Не произнеся ни слова, он направился к двери, однако толстяк-аптекарь оказался невероятно подвижным и быстрым. У профессора закружилась голова, ему почудилось, что земля уходит из-под ног. Возможно, аптека и не самое худшее место для того, чтобы такое произошло. Но почему в аптеке, именно здесь, на краю света?..
– Может быть, я могу вам помочь! Зачем нам полиция в нашей спокойной, цивилизованной жизни? Попробуем решить дело разумно, с помощью интеллекта.
– У меня больной сын, – вздохнул профессор, – я везу его в отель «Орион», если отель с таким названием действительно существует.
– Что за болезнь? – Будда подпрыгнул от восторга.
– Костный туберкулез.
– О, тут, я думаю, нашатырь не поможет. Простите, хлорид аммония.
– Отель «Орион» существует?
– Понятия не имею. Никогда не слышал.
– Существует ли село Мирила Франкопанские?
– Да, наверху, в горах. Но называется оно просто Мирила.
Франкопанские добавили в 1925 году, когда было тысячелетие коронования Томислава, хотя я не знаю, какая может быть связь между Франкопанами и Томиславом. Впрочем, это неважно, речь идет о наших королях и исторических личностях. Вроде как у вас, немцев, например, поэт Гете или господин Гитлер…
– Я поляк.
– Хорошо, это неважно. Так вы, значит, хотели попасть в Мирила?
– Да, но дорога засыпана камнями. На автомобиле не проехать.
– И теперь, я полагаю, вам нужны носильщики багажа. Как в Индии.
– Вот именно, как в Индии.
– Для такого дела вам следовало бы искать не полицейских, а вокзальных носильщиков. Но их вы не найдете до самой Риеки, где находится ближайший железнодорожный вокзал. Послушайте, давайте-ка расслабимся, улыбнемся, не будем такими серьезными. Значит, вы сказали, у вашего господина сына костный туберкулез? Какое несчастье, какая беда. Лучше бы туберкулез легких. Но в конечном счете все кончается одним и тем же. Хоть ты здоровый, хоть больной, все равно в ящик сыграешь. А аптека – это просто большой обман. Медицина предлагает иллюзии, а не здоровье. Здоровья нет, разве что только если вы в него верите.

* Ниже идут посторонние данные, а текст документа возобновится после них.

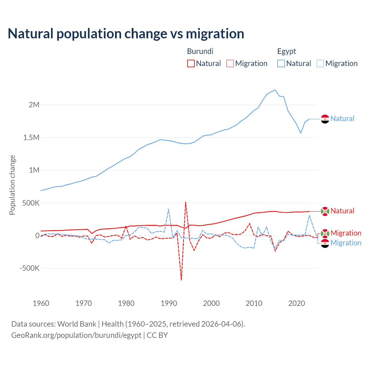 Over the last 10 years, 91% of the population change in Burundi is from natural causes (a gain of 3,614,502 people) and 9.03% is from migration (a loss of 358,928 people). In Egypt 99.6% is from natural causes (a gain of 19,180,073 people) and 0.41% is from migration (a loss of 78,975 people).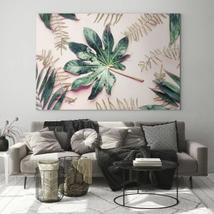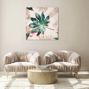 Obraz na szkle - Studium zieleni na różowym tle - 40x40 cm

Это так же, как и с Богом!
В конце концов улыбающийся аптекарь, которого звали Констанцо Блеи, продемонстрировал такую предприимчивость и такой здравый смысл, которых профессор в этом удивительном городке не мог ждать ни от кого.
Он сидел в зеленом кожаном кресле, пил лимонад и присматривал за аптекой, пока аптекарь носился по Цриквенице, чтобы найти тех, кто захочет хорошо заработать и отнести сундуки польского графа в Мирила. Он выдумал, что Томаш Мерошевски граф, возможно, распознав в нем человека с голубой кровью, а может быть, объявил его графом ради рекламы, чтобы люди польстились на это и решили, что платить профессор будет тоже по-графски.
Кто знает, что было на уме у этого странного, загадочного, улыбчивого и полного энтузиазма человека, у этого провинциального морфиниста, и что он говорил людям, но не прошло и получаса, как перед аптекой начали собираться носильщики.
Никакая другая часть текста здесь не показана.